● EXERCISE DIRECTIONS: Once you have located the line containing "СЕРВИСНЕ ИНФОРМАЦИЈЕ за ПЕТАК, 1. октобар" in the material below, return it exactly along with each line after it through the line containing "Gümbel nannte es".

● GIVEN INFORMATION:
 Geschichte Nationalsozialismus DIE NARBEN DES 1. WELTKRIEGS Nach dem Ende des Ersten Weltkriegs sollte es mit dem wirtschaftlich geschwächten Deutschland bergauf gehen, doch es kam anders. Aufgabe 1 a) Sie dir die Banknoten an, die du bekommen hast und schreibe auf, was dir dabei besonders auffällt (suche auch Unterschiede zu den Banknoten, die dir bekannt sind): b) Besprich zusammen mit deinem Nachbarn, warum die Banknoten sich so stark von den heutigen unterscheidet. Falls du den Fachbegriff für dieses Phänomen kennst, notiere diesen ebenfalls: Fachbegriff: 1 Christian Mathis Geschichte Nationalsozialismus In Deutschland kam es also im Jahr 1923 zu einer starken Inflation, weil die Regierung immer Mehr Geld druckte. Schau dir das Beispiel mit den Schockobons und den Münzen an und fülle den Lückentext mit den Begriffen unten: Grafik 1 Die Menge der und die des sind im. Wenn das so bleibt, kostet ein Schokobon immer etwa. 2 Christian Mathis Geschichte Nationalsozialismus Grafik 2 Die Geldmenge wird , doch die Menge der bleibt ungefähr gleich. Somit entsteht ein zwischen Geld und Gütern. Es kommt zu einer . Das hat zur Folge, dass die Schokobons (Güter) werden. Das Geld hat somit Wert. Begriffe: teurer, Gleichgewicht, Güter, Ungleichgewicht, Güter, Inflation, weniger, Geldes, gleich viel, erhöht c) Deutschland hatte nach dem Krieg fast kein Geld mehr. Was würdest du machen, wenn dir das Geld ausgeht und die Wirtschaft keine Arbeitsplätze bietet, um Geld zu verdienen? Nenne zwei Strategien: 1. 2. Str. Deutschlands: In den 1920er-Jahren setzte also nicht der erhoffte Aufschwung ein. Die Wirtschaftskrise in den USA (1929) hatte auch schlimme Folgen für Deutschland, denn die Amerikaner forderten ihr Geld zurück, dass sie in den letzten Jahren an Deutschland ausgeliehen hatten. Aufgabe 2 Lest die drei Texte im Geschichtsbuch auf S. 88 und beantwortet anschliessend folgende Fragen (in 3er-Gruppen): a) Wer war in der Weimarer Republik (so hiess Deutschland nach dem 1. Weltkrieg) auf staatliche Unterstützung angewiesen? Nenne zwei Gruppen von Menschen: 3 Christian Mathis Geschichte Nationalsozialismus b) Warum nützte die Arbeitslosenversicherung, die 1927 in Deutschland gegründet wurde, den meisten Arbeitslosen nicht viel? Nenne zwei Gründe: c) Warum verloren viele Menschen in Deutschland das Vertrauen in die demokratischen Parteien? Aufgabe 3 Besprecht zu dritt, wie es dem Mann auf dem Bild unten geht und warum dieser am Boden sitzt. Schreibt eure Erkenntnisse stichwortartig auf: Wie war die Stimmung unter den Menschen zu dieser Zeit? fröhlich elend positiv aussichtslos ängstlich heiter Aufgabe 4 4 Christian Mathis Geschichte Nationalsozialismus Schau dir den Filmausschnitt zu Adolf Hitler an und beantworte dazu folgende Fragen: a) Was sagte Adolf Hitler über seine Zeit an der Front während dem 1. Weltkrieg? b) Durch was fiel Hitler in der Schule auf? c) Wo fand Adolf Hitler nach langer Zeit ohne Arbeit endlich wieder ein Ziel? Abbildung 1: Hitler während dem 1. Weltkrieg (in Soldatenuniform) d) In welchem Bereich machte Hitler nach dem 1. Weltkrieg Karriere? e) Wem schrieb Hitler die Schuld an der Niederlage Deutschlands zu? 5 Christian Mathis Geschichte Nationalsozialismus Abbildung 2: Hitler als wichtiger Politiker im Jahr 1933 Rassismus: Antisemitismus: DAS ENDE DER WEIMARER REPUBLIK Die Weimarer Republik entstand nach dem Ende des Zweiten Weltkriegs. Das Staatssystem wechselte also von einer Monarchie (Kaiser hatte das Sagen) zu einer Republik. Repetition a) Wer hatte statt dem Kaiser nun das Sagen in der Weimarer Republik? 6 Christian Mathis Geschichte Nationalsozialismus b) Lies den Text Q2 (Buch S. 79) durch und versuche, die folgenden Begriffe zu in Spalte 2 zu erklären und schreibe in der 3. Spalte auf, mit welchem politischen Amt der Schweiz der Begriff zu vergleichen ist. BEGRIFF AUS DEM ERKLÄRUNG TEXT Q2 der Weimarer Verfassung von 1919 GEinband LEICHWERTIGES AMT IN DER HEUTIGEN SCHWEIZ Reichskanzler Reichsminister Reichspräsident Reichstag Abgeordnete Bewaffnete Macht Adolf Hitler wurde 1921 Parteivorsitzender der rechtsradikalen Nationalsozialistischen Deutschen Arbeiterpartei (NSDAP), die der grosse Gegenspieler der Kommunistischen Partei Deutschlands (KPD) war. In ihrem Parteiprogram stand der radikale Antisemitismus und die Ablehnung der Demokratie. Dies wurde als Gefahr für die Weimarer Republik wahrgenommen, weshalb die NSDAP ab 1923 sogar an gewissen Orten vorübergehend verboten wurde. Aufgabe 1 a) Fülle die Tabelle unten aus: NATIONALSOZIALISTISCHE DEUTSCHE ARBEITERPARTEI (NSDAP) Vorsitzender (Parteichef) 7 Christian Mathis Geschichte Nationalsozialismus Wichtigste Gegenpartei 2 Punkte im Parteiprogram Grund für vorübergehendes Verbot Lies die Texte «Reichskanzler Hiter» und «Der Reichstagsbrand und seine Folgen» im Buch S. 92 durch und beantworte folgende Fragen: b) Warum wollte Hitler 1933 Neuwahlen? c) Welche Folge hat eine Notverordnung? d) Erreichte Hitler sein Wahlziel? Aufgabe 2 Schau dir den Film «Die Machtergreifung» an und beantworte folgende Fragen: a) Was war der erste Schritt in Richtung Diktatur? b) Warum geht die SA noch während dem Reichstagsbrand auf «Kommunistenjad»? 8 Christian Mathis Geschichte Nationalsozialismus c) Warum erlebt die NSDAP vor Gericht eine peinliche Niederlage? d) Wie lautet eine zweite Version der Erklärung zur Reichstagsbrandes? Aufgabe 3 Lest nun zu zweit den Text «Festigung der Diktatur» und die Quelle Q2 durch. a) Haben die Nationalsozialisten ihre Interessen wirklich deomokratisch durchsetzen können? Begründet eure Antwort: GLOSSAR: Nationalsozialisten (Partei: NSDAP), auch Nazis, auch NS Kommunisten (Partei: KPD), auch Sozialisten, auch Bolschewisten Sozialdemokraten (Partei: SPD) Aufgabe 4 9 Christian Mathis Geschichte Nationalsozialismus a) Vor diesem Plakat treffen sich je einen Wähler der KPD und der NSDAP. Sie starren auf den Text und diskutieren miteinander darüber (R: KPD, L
* * *
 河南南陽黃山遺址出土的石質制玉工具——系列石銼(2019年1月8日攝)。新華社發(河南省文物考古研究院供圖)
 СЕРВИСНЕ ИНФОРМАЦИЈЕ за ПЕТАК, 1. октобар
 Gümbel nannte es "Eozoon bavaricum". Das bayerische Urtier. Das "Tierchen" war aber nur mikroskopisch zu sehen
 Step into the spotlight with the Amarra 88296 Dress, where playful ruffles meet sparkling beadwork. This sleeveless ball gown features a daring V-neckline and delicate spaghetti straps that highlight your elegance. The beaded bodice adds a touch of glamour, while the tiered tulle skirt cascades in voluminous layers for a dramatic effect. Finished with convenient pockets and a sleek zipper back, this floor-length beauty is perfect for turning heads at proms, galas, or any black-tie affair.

● EXERCISE SOLUTION:
 СЕРВИСНЕ ИНФОРМАЦИЈЕ за ПЕТАК, 1. октобар
 Gümbel nannte es "Eozoon bavaricum". Das bayerische Urtier. Das "Tierchen" war aber nur mikroskopisch zu sehen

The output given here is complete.